The folks at Ataccama–a Toronto, Canada-based data management software firm that competes with these other vendors–have also run into the data quality beastie.
“I think a lot of times people do fully understand the picture of what data their enterprise has and the quality of the data that they have access to, or maybe lack of quality of their data,” said Jessica Smith, Ataccama’s vice president of data quality. “It’s still very common for enterprise data quality to be a huge issue across organizations.”
There are many sources of data quality bugs, but one of the biggest is the sheer complexity of enterprise IT systems and the size of IT estates, Smith says.
“There’s a huge amount of complexity in today’s enterprise data landscapes,” Smith says. “I’ve been doing this for 10-plus years and I don’t think I’ve talked to a single customer that has said to me, I fully understand my data landscape. I can do everything I want. There’s no issues. We’re off and running.”
The good news is that some organizations are getting the message. Since the General Data Protection Regulation (GDPR) went into effect in 2018, there has been a financial incentive to avoid poorly managed data. That has led to a concerted effort among some larger companies to get serious about data governance in general and–dare we say it?–slay the data quality monster.
Not every company has gotten serious about data governance, and overall the level of data quality is getting worse, the data shows. But for the few who “get” it, the hard data governance work is paying off and better positioning them to take advantage of GenAI.
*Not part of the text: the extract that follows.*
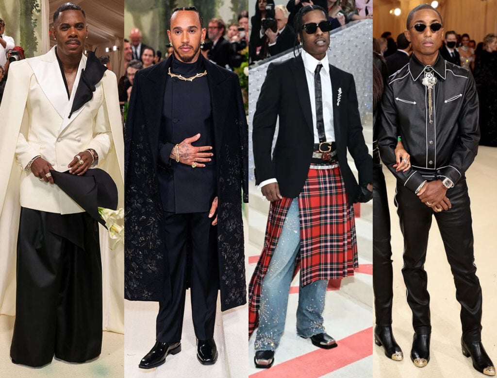 The first Monday in May is officially within arm’s reach, and ahead of the Superfine: Tailoring Black Style exhibition at the Costume Institute—an homage to the Black dandy tradition and fashion’s role as both resistance and celebration—Vogue has dropped its Met Gala issue. And it’s one for the ages. Gracing the cover are this year’s co-chairs: Colman Domingo (in Balmain), Lewis Hamilton (in Ferragamo and Off-White), and A$AP Rocky (in an Ozwald Boateng) and a portrait of Pharrell Williams by Henry Taylor. Four men. Four perspectives. Endless possibilities.

“I think for those organizations who put in the work to start to kind of comply with more of these data governance initiatives are absolutely further ahead,” Smith said. “I think the higher up you go in the executive chain, the less understanding they might have around the importance of data quality. We saw that a lot especially probably four or five years ago when data governance really became a mainstream thing it was very common for a CDO, if they existed in the organization, to kind of make a case to their boss or the CEO to invest in this governance initiative.”
GenAI and Data Quality
There’s a mutual symbiosis occurring between GenAI and data quality. On the one hand, high quality data is needed for a business to succeed at AI, GenAI or otherwise. On the other hand, AI and GenAI in particular can also help an organization accelerate their data quality initiative.
Having a successful data governance program that’s producing good quality data is a prerequisite for having a successful AI project, Smith says.
“Being able to understand what you have and being able to appropriately classify it are really important first steps that we encourage a lot of our customers to do if they want to do AI projects,” Smith says. “You don’t want things to go off the rails. You don’t want to build something that exposes any internal customer data. So that’s a really good first step.”
Ataccama customers typically will start with an internal-facing AI project, which allows them to minimize the damage if something does go wrong with it. That gives customers the chance to get a better understanding of their data, how it looks, and whether it’s in the appropriate shape to do AI initiatives with it, Smith says.
“Obviously generative AI is top of mind right now to so many people, but we still find a lot of organizations just doing traditional AI as well,” she says. “Statistical analysis–that’s still a core competency that a lot of organizations are focusing on, and that’s where a lot of the kind of traditional data quality capabilities also come into play.”
On the flip side, Ataccama is also adopting AI and GenAI within its offerings to improve the data quality experience. The company, which sells a full suite of data management tools spanning data catalogs, governance, metadata management, and other disciplines but whose core specialty remains data quality was recently named a leader in the Gartner Magic Quadrant for Augmented Data Quality Solutions, and Smith says that reflects the company’s long-term investment and commitment to the data quality space.
Having already built much of the underlying functionality to improve data quality–such as being able to track how a customer’s data quality changes over time–gives Ataccama a foundation upon which it can start to use new technologies like GenAI to start automating some tasks.
“This is really where you have the data profiling, classification and cataloging of data,” Smith tells Datanami. “ So being able to actually write rules to be able to monitor data quality, be able to look at anomalous behavior over time, being able to proactively catch data quality issues. [It’s about] not only understanding your data, but then actually being able to remediate data quality issues.”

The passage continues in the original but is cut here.